======== Input records ========

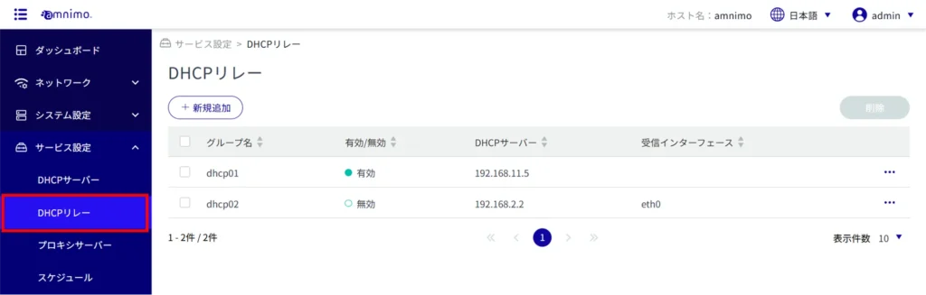 サイドメニューの[ サービス設定 ]>[ DHCP リレー ]をクリックすると、「 DHCP リレー 」画面を開くことができます。
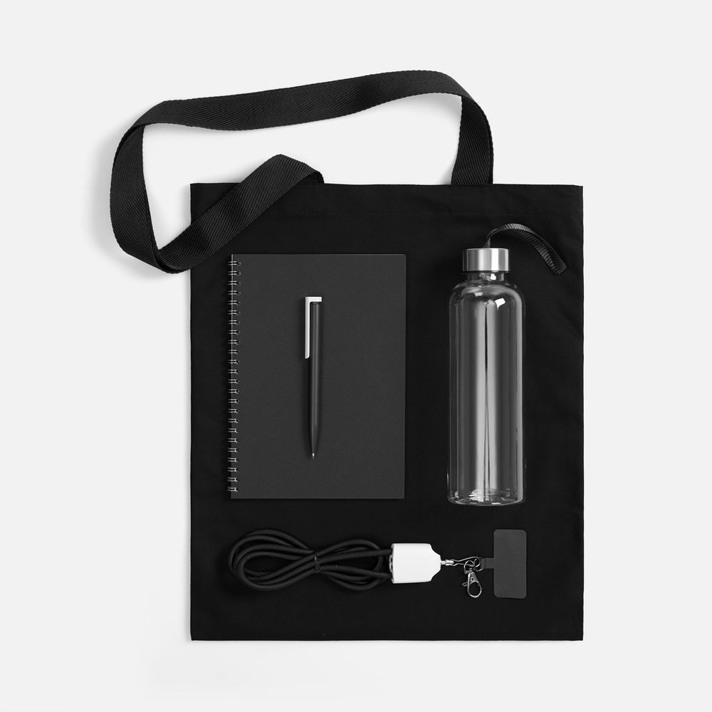 сумка - хлопок, 240 г/м²; ручки - полиэстер; кабель-ланьярд - нейлон, пластик; металл; бутылка - пластик, пищевой; крышка - металл, пластик; блокнот - бумага, картон; ручка - пластик
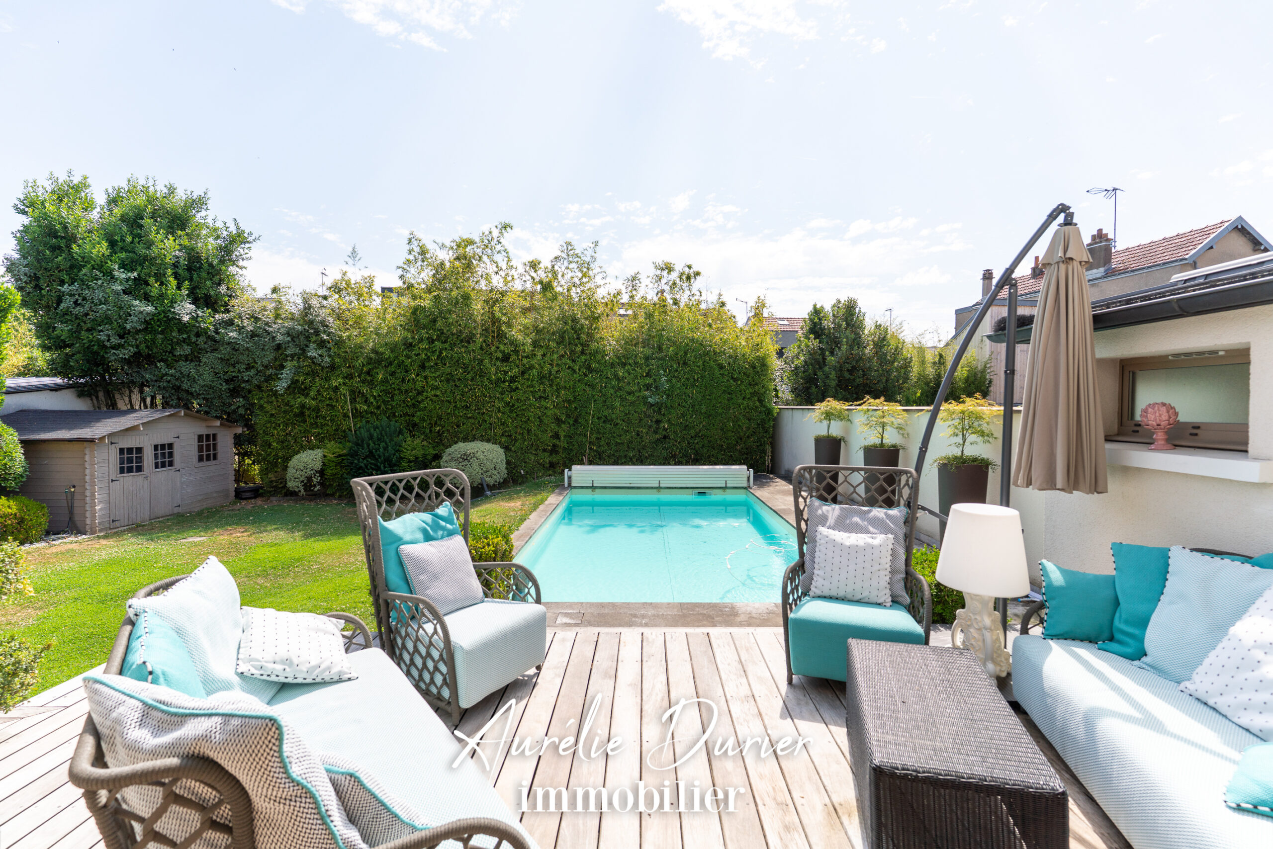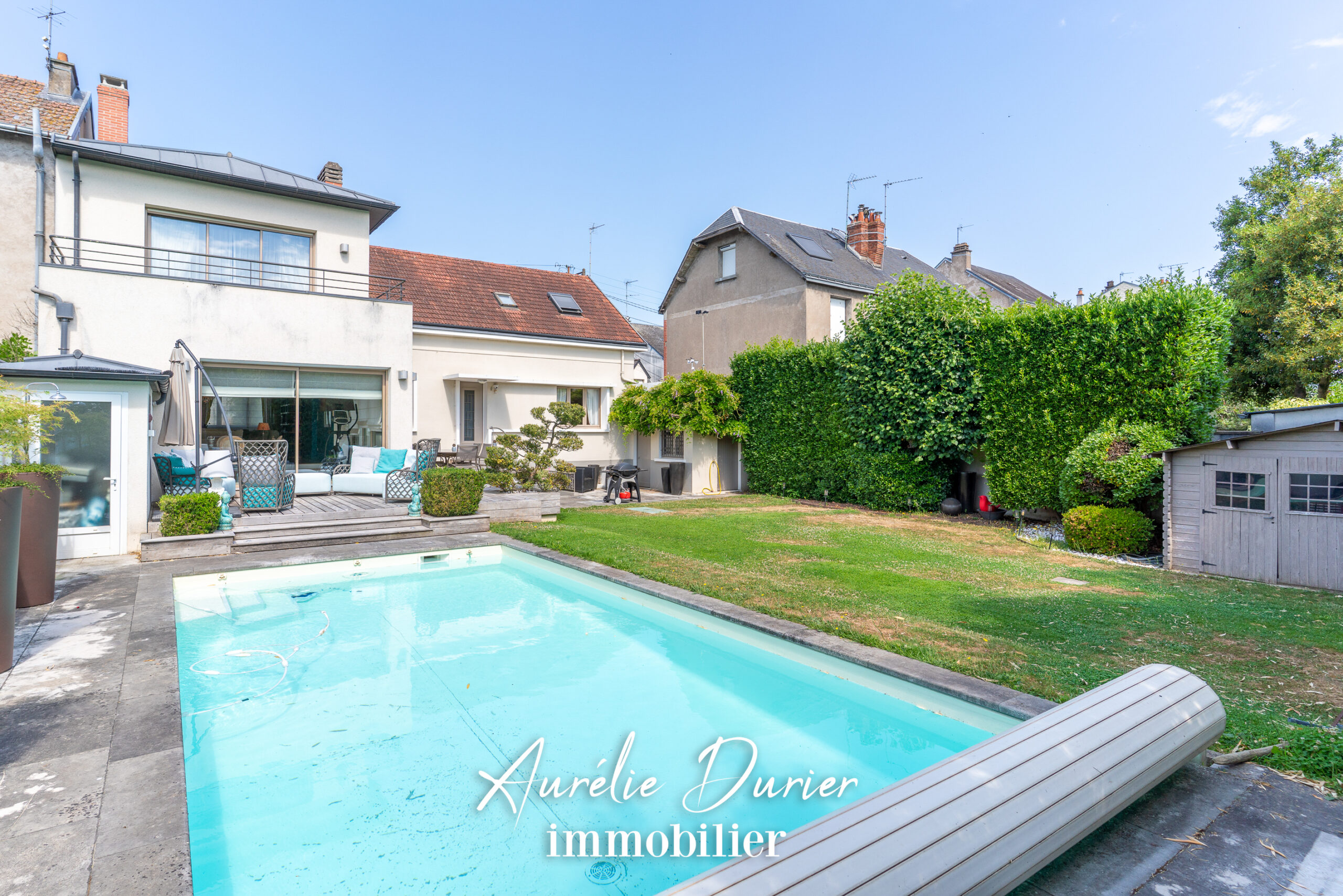 Le sous-sol, entièrement chauffé, abrite une buanderie, un espace lingerie, un local technique ainsi qu’une cave à vins climatisée. À l’extérieur, la maison se prolonge sur une terrasse en bois et un jardin intimiste de 540 m². Une piscine chauffée et nage à contre-courant, invite à la détente dans un cadre soigné et sans vis-à-vis.
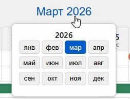При нажатии на заголовок таблицы (месяц, год) открывается всплывающее окно для быстрого перехода к нужному месяцу.
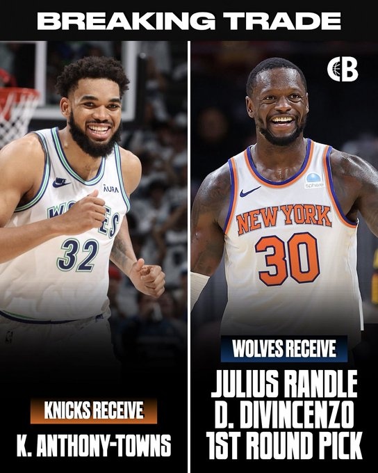 尼克斯将兰德尔、迪文岑佐和一个受保护的首轮签送至森林狼,换来唐斯,此外黄蜂也参与到了这笔交易当中,来帮助尼克斯平衡全队的薪资。
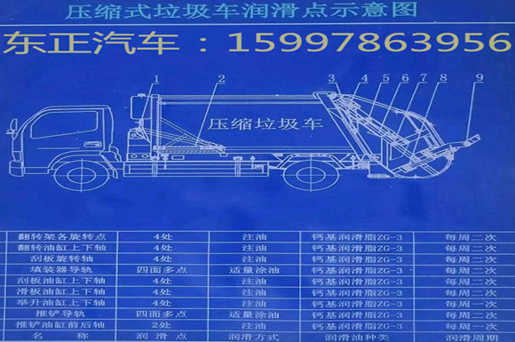 常規(guī)使用中最經(jīng)常的維護(hù)就是對(duì)各個(gè)活動(dòng)點(diǎn)旋轉(zhuǎn)點(diǎn)的潤(rùn)滑,對(duì)于壓縮式垃圾車來(lái)說就是加注黃油。(切記只要裝有黃油嘴的地方都要加注黃油,時(shí)間一周不得低于一次,在加注黃油的同時(shí)順便檢車一下各個(gè)部件的磨損情況,如有磨損嚴(yán)重的要及時(shí)的跟換零部件,以免損壞油缸。)
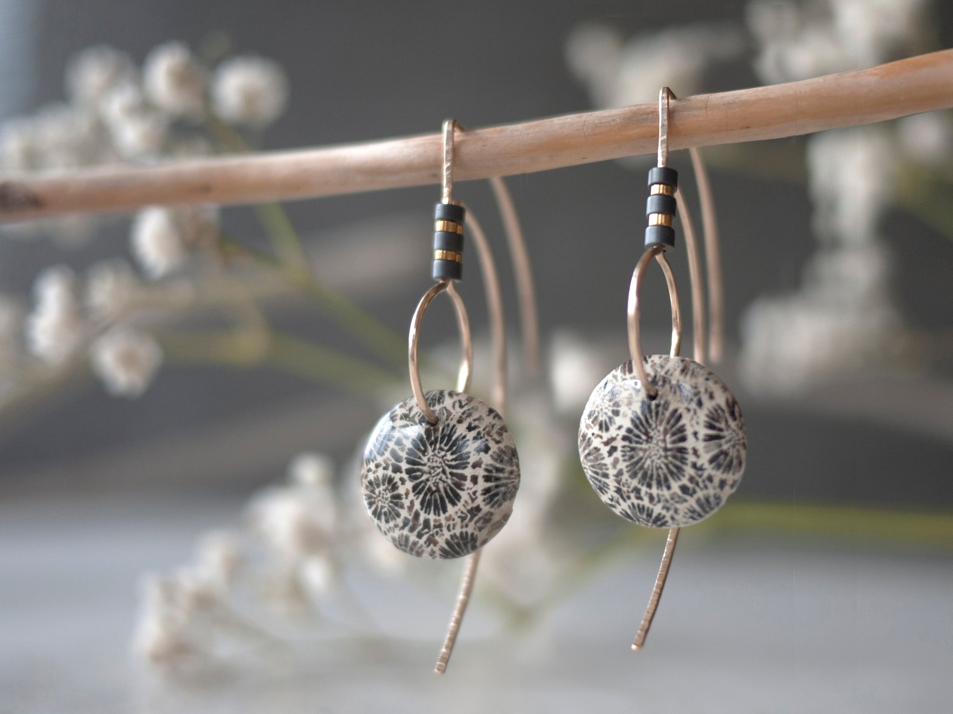 The flower like pattern on these fossilized coral beads gives them a classic sophistication. The gold fill wire is uniquely formed making these earrings look good from every angle.
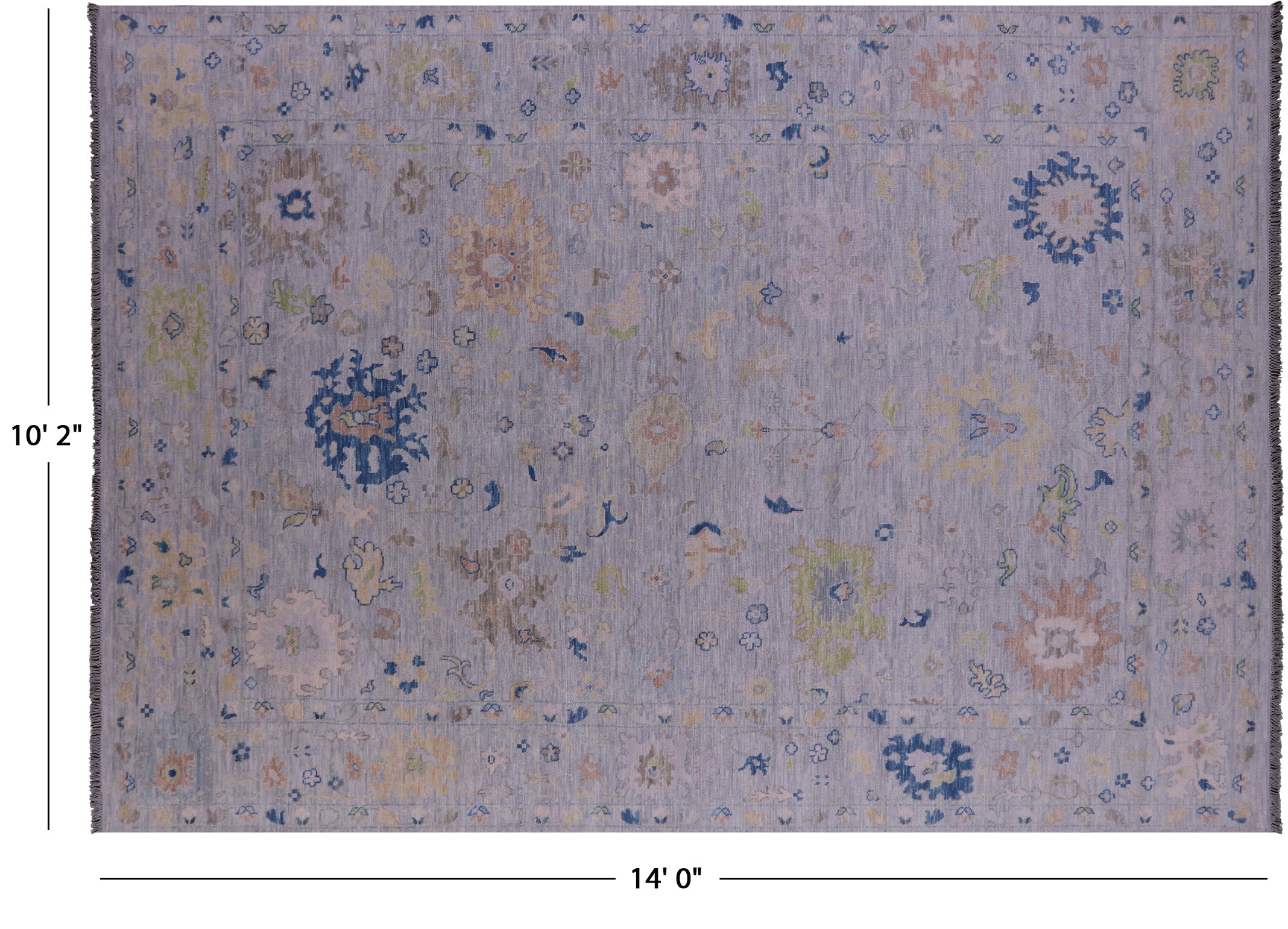 Silver 10' 2" X 14' 0" Hand-Knotted Turkish Angora Oushak Wool Rug - Q21225
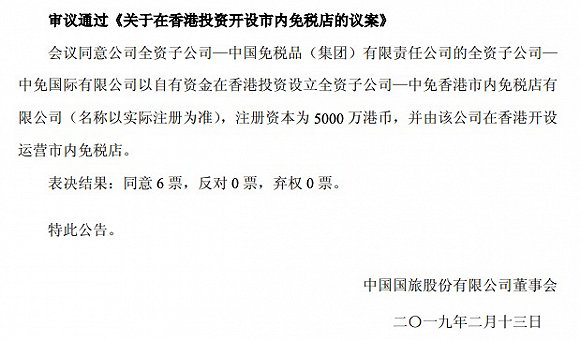 公告顯示,公司公告董事會審議同意在香港開設運營市內免稅店,旗下公司中免國際有限公司(以下簡稱“中免公司”),將以自有資金5000萬港幣新設立中免香港市內免稅店有限公司(名稱以實際注冊為準),新的香港市內免稅店將由中免香港市內免稅店有限公司負責開設和運營。
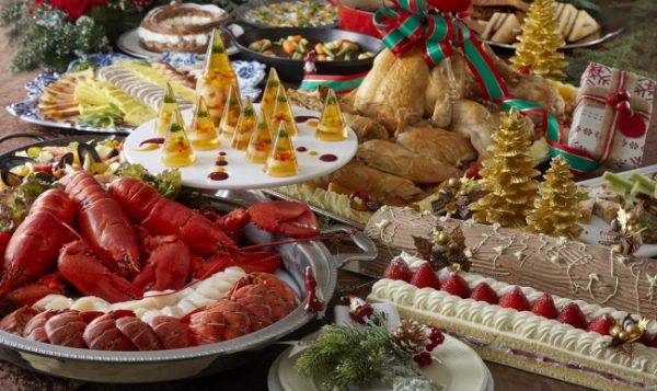 ローストビーフ等の通常メニューに、クリスマス期間限定メニューを加え約25種類のお料理をご提供いたします。
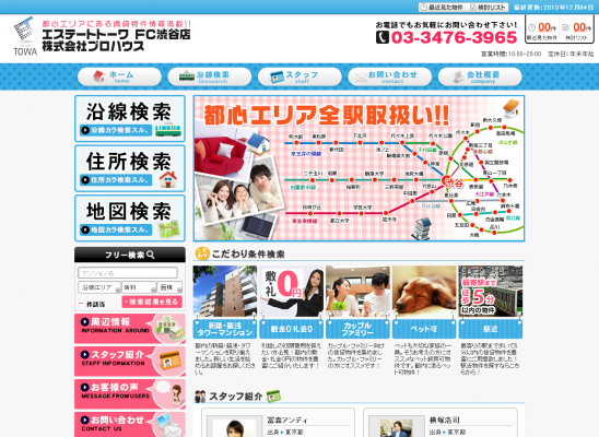 この度『エステートトーワFC渋谷店株式会社プロハウス』が運営するホームページは、"都心エリア全駅取扱い!!"をコンセプトに、渋谷などの賃貸物件情報を扱うホームページとなっております。
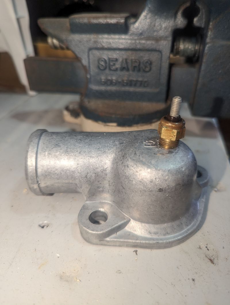 …a 1/8" pipe thread hole in the bowl portion of the thermostat housing, and install your sender there. Nice thing about doing it this way is you get to "see" the thermostat open.

========

- Task brief -
Pictures should be skipped, and the records retyped word for word.

- Answer to the exercise -
 サイドメニューの[ サービス設定 ]>[ DHCP リレー ]をクリックすると、「 DHCP リレー 」画面を開くことができます。
 сумка - хлопок, 240 г/м²; ручки - полиэстер; кабель-ланьярд - нейлон, пластик; металл; бутылка - пластик, пищевой; крышка - металл, пластик; блокнот - бумага, картон; ручка - пластик
 Le sous-sol, entièrement chauffé, abrite une buanderie, un espace lingerie, un local technique ainsi qu’une cave à vins climatisée. À l’extérieur, la maison se prolonge sur une terrasse en bois et un jardin intimiste de 540 m². Une piscine chauffée et nage à contre-courant, invite à la détente dans un cadre soigné et sans vis-à-vis.
При нажатии на заголовок таблицы (месяц, год) открывается всплывающее окно для быстрого перехода к нужному месяцу.
 尼克斯将兰德尔、迪文岑佐和一个受保护的首轮签送至森林狼,换来唐斯,此外黄蜂也参与到了这笔交易当中,来帮助尼克斯平衡全队的薪资。
 常規(guī)使用中最經(jīng)常的維護(hù)就是對(duì)各個(gè)活動(dòng)點(diǎn)旋轉(zhuǎn)點(diǎn)的潤(rùn)滑,對(duì)于壓縮式垃圾車來(lái)說就是加注黃油。(切記只要裝有黃油嘴的地方都要加注黃油,時(shí)間一周不得低于一次,在加注黃油的同時(shí)順便檢車一下各個(gè)部件的磨損情況,如有磨損嚴(yán)重的要及時(shí)的跟換零部件,以免損壞油缸。)
 The flower like pattern on these fossilized coral beads gives them a classic sophistication. The gold fill wire is uniquely formed making these earrings look good from every angle.
 Silver 10' 2" X 14' 0" Hand-Knotted Turkish Angora Oushak Wool Rug - Q21225
 公告顯示,公司公告董事會審議同意在香港開設運營市內免稅店,旗下公司中免國際有限公司(以下簡稱“中免公司”),將以自有資金5000萬港幣新設立中免香港市內免稅店有限公司(名稱以實際注冊為準),新的香港市內免稅店將由中免香港市內免稅店有限公司負責開設和運營。
 ローストビーフ等の通常メニューに、クリスマス期間限定メニューを加え約25種類のお料理をご提供いたします。
 この度『エステートトーワFC渋谷店株式会社プロハウス』が運営するホームページは、"都心エリア全駅取扱い!!"をコンセプトに、渋谷などの賃貸物件情報を扱うホームページとなっております。
 …a 1/8" pipe thread hole in the bowl portion of the thermostat housing, and install your sender there. Nice thing about doing it this way is you get to "see" the thermostat open.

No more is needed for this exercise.